_ASSIGNMENT_.
Output all entries exactly as they appear and skip the pictures.
===== THE INPUT =====
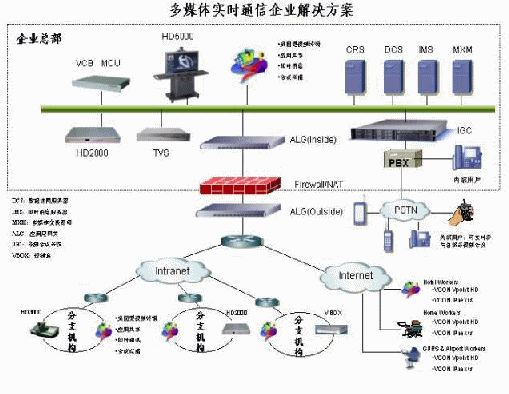 VCON提供了以HD系列的視頻終端產(chǎn)品和以VCB系列的多點控制單元(MCU)產(chǎn)品來構建基于IP網(wǎng)絡,采用H.323協(xié)議作為標準協(xié)議的視頻通信解決方案。通常主會場選擇會議室型終端HD5000,該終端在64Kbit/s下就可以實現(xiàn)畫面流暢的動態(tài)雙流;主會場也可以選擇機架式會議終端HD2000,這樣主會場可以選配正裝和吊裝攝像機,拍攝會場不同角度的場景;多點控制單元(MCU)選擇VCB3000,同時可以為領導、個人桌面或者出差用戶單獨配置支持H.323標準的Vpoint HD軟終端,該終端是目前業(yè)界惟一支持H.264、雙流、組播接受以及遠程控制的軟終端產(chǎn)品。
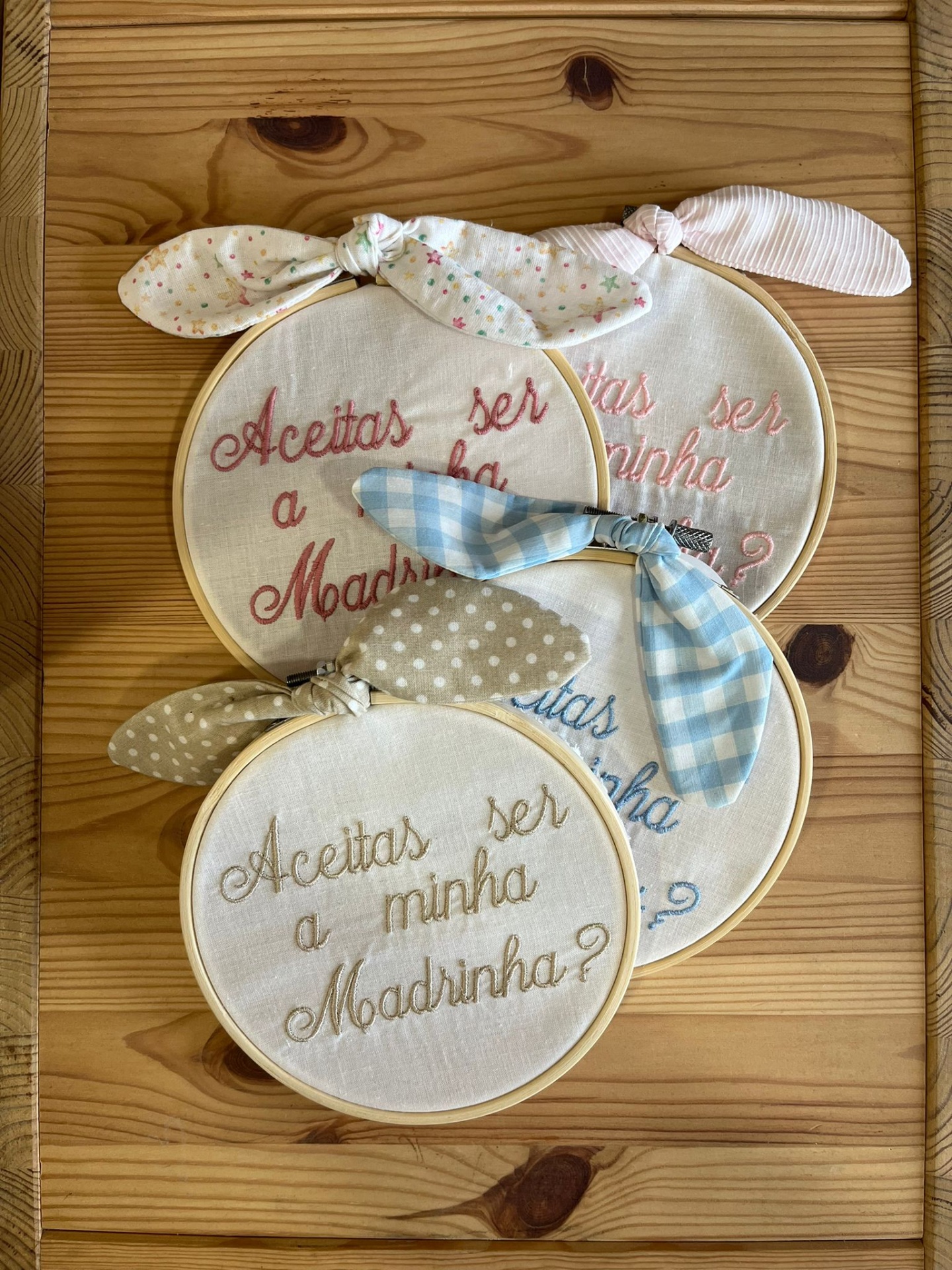 Home Complementos Bastidor Padrinhos Bastidor Padrinhos Cor Azul Rosa Cinza Bege Convite para Madrinha Padrinho Padrinhos 12,50 € Desconto de %. IVA incluído. Comprar Contactar Adicionar à wishlist Bastidor decorativo. Medida: 12 cm de diâmetro COLOCAR A MENSAGEM A BORDAR, SE DIFERENTE DA FOTO, NO FINAL DA ENCOMENDA NO CAMPO "OBERSERVAÇÕES" Um exclusivo Chikilin's Marca Chikilin's Partilhar
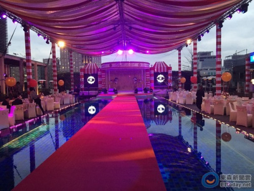 據(jù)臺灣“東森新聞”報道,周杰倫日前在英國辦完超豪華世紀婚禮,9日在臺北W Hotel補辦戶外婚禮,現(xiàn)場許多演藝圈大腕好友紛紛到場祝賀。而婚禮內(nèi)場也隨之曝光,風格大吹俏皮馬戲團風,除了有多張小倆口甜蜜合照,紅毯架在泳池上,左右都是水,看起來相當浪漫。
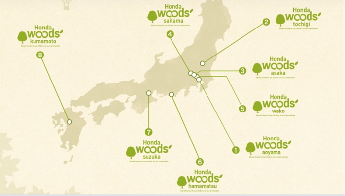 전국 8개 지역, 13개 사업장에 분포되어 있는 ‘혼다 우즈’는 각각 주변 지역의 환경에 맞추어 독자적으로 구성한 숲이다.
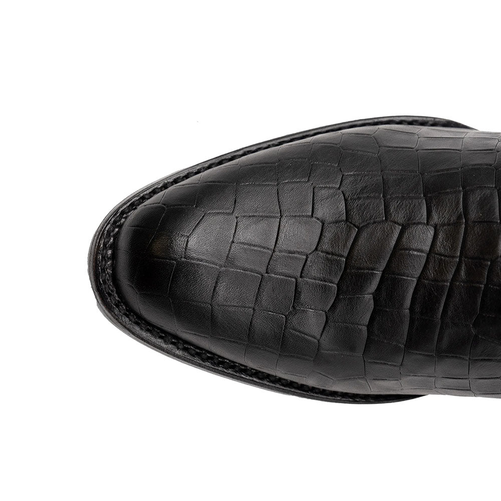 The Winston offers a modern twist on the classic cowboy boot with a convenient zipper for easy wear. Crafted from genuine cow leather with a belly alligator print and a premium cowhide shaft, it’s a versatile boot suited for any occasion.
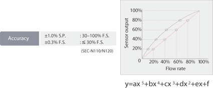 MFC’ s linearity is compensated by polynomial approximated curve. This achieves high accuracy for a l l flow control ranges. For the purpose of advancement of actual gas accuracy, the calibration date of various process gases are measured by HORIBA STEC standard gas measurements system.
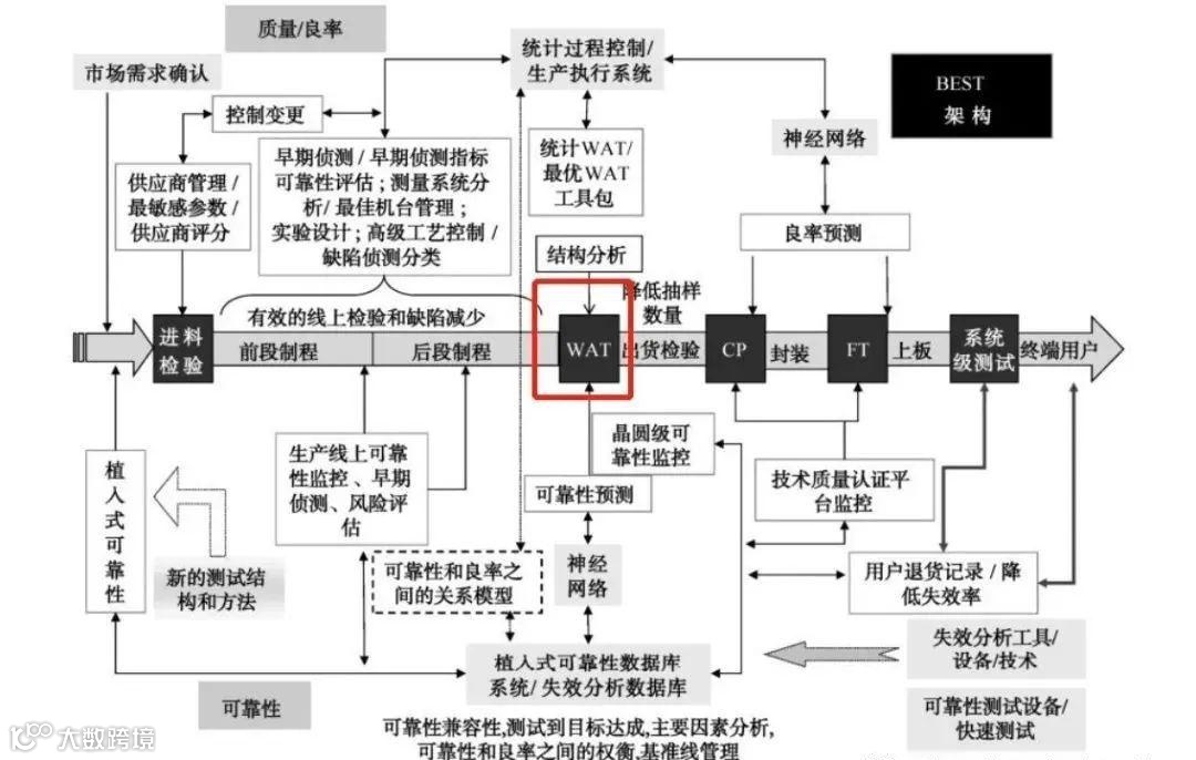 在芯片制造过程中,主要流程包括:进料检验(IQA)→晶圆前段工艺(FEOL)监控→晶圆后道工艺(BEOL)监控→晶圆验收测试(WAT)→晶圆出货检验(OQA)→晶圆良率测试(CP)→芯片封装工艺监控→芯片最终测试(FT)→芯片上板工艺监控(On-board Test)→系统级测试(SLT)和终端用户使用。
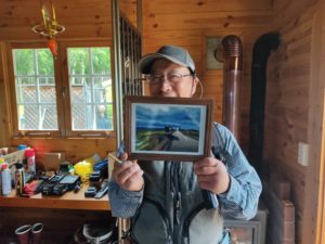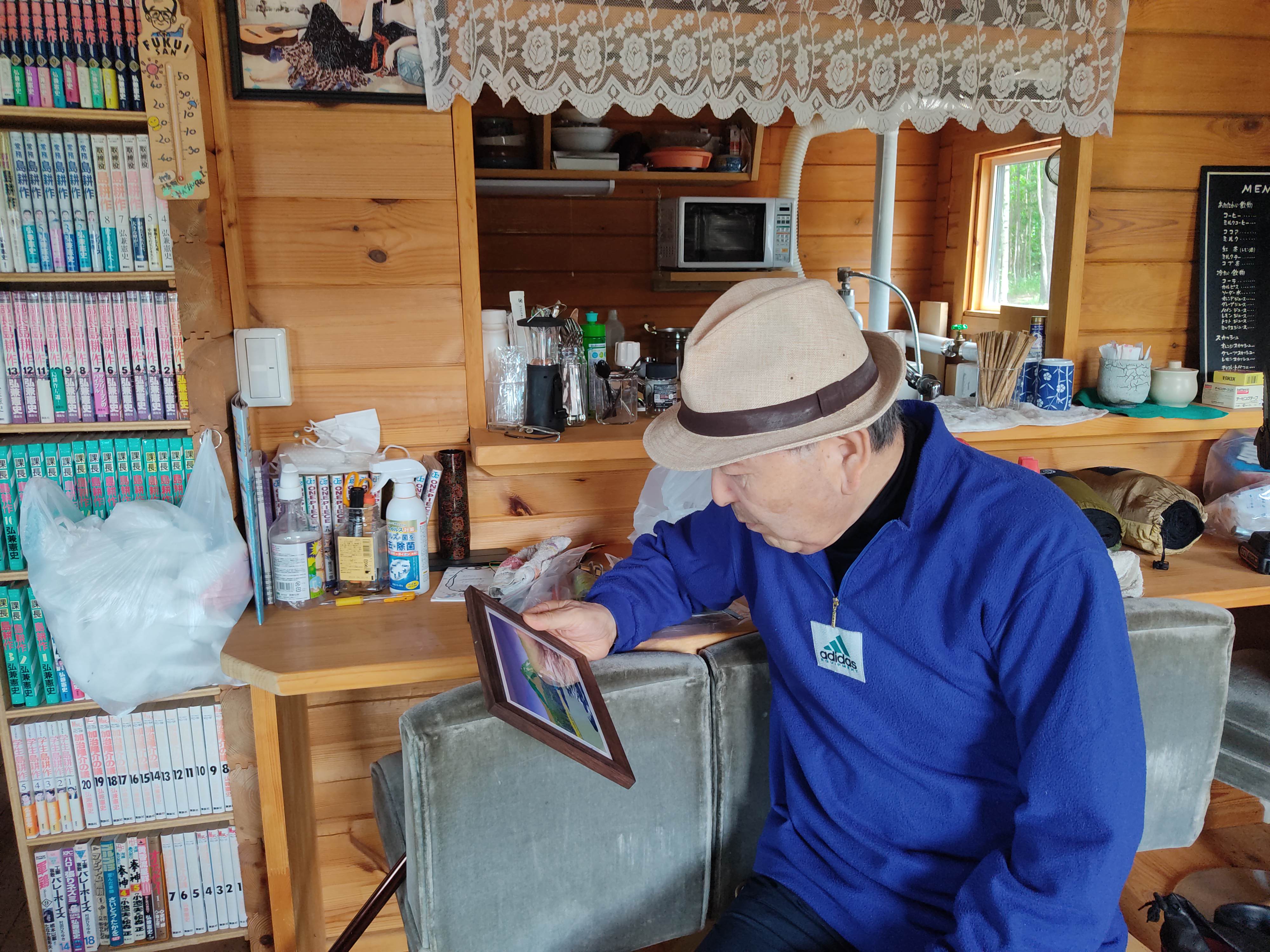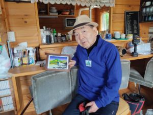 と言ってオーナーに羅臼岳を描いた「真夏の知床越え」の絵をお見せしたのです。
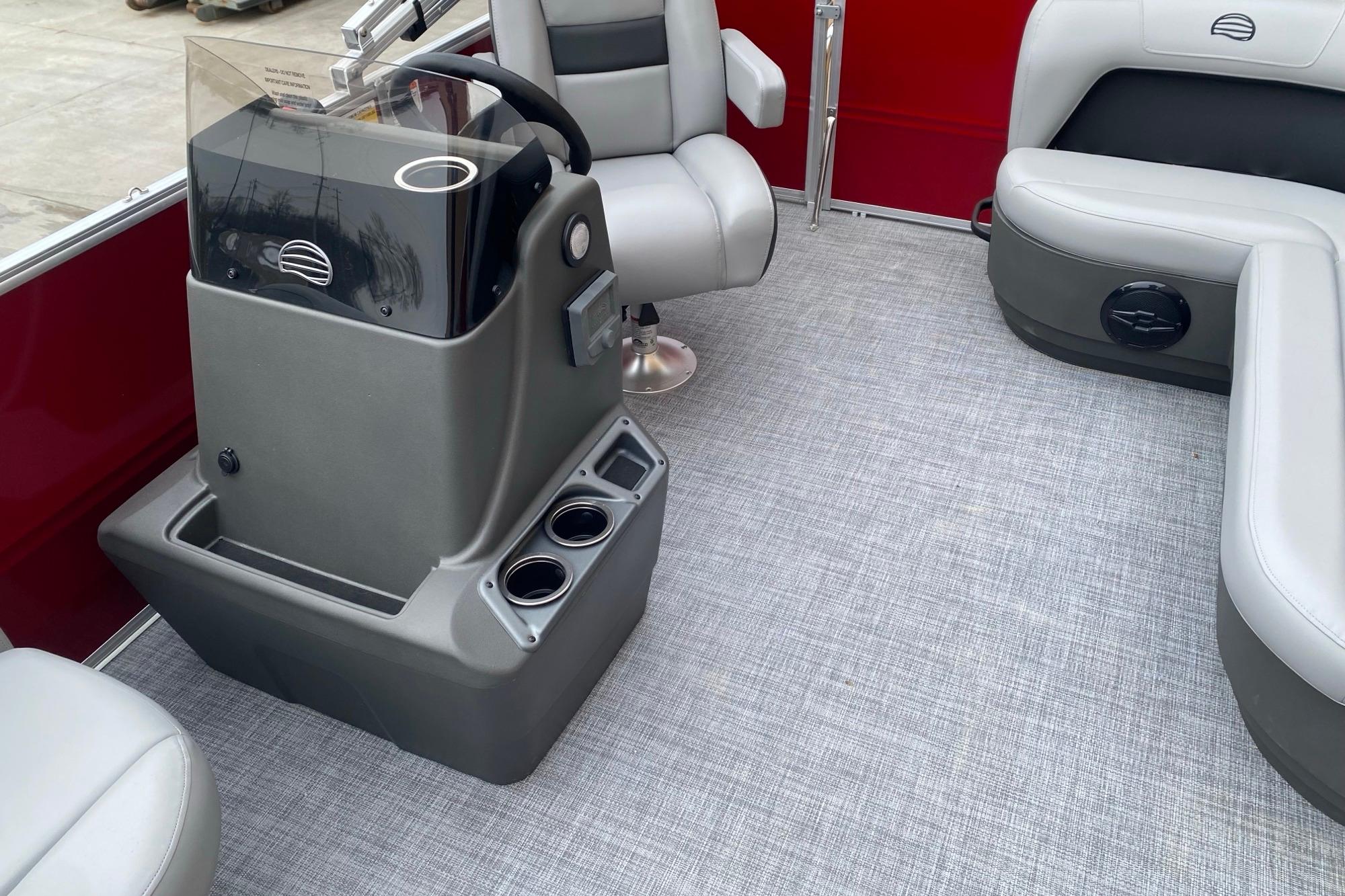 This year's PARTY BARGE gets some slick upgrades. Extra cupholders and storage built into the lounge backrests and improved handles make keeping your supplies at hand easier than ever. A new driver console design creates extra style. The boarding ladder has wider, more ergonomic steps. Crank up the soundtrack of the summer with the standard Bluetooth®-capable Wet Sounds™ stereo and pull up the 7' bimini top to party in the shade when the sun is high. Find your corner of the lake and relax in one of the three corner lounges.
=====
_ANSWER SECTION_.
 VCON提供了以HD系列的視頻終端產(chǎn)品和以VCB系列的多點控制單元(MCU)產(chǎn)品來構建基于IP網(wǎng)絡,采用H.323協(xié)議作為標準協(xié)議的視頻通信解決方案。通常主會場選擇會議室型終端HD5000,該終端在64Kbit/s下就可以實現(xiàn)畫面流暢的動態(tài)雙流;主會場也可以選擇機架式會議終端HD2000,這樣主會場可以選配正裝和吊裝攝像機,拍攝會場不同角度的場景;多點控制單元(MCU)選擇VCB3000,同時可以為領導、個人桌面或者出差用戶單獨配置支持H.323標準的Vpoint HD軟終端,該終端是目前業(yè)界惟一支持H.264、雙流、組播接受以及遠程控制的軟終端產(chǎn)品。
 Home Complementos Bastidor Padrinhos Bastidor Padrinhos Cor Azul Rosa Cinza Bege Convite para Madrinha Padrinho Padrinhos 12,50 € Desconto de %. IVA incluído. Comprar Contactar Adicionar à wishlist Bastidor decorativo. Medida: 12 cm de diâmetro COLOCAR A MENSAGEM A BORDAR, SE DIFERENTE DA FOTO, NO FINAL DA ENCOMENDA NO CAMPO "OBERSERVAÇÕES" Um exclusivo Chikilin's Marca Chikilin's Partilhar
 據(jù)臺灣“東森新聞”報道,周杰倫日前在英國辦完超豪華世紀婚禮,9日在臺北W Hotel補辦戶外婚禮,現(xiàn)場許多演藝圈大腕好友紛紛到場祝賀。而婚禮內(nèi)場也隨之曝光,風格大吹俏皮馬戲團風,除了有多張小倆口甜蜜合照,紅毯架在泳池上,左右都是水,看起來相當浪漫。
 전국 8개 지역, 13개 사업장에 분포되어 있는 ‘혼다 우즈’는 각각 주변 지역의 환경에 맞추어 독자적으로 구성한 숲이다.
 The Winston offers a modern twist on the classic cowboy boot with a convenient zipper for easy wear. Crafted from genuine cow leather with a belly alligator print and a premium cowhide shaft, it’s a versatile boot suited for any occasion.
 MFC’ s linearity is compensated by polynomial approximated curve. This achieves high accuracy for a l l flow control ranges. For the purpose of advancement of actual gas accuracy, the calibration date of various process gases are measured by HORIBA STEC standard gas measurements system.
 在芯片制造过程中,主要流程包括:进料检验(IQA)→晶圆前段工艺(FEOL)监控→晶圆后道工艺(BEOL)监控→晶圆验收测试(WAT)→晶圆出货检验(OQA)→晶圆良率测试(CP)→芯片封装工艺监控→芯片最终测试(FT)→芯片上板工艺监控(On-board Test)→系统级测试(SLT)和终端用户使用。
 と言ってオーナーに羅臼岳を描いた「真夏の知床越え」の絵をお見せしたのです。
 This year's PARTY BARGE gets some slick upgrades. Extra cupholders and storage built into the lounge backrests and improved handles make keeping your supplies at hand easier than ever. A new driver console design creates extra style. The boarding ladder has wider, more ergonomic steps. Crank up the soundtrack of the summer with the standard Bluetooth®-capable Wet Sounds™ stereo and pull up the 7' bimini top to party in the shade when the sun is high. Find your corner of the lake and relax in one of the three corner lounges.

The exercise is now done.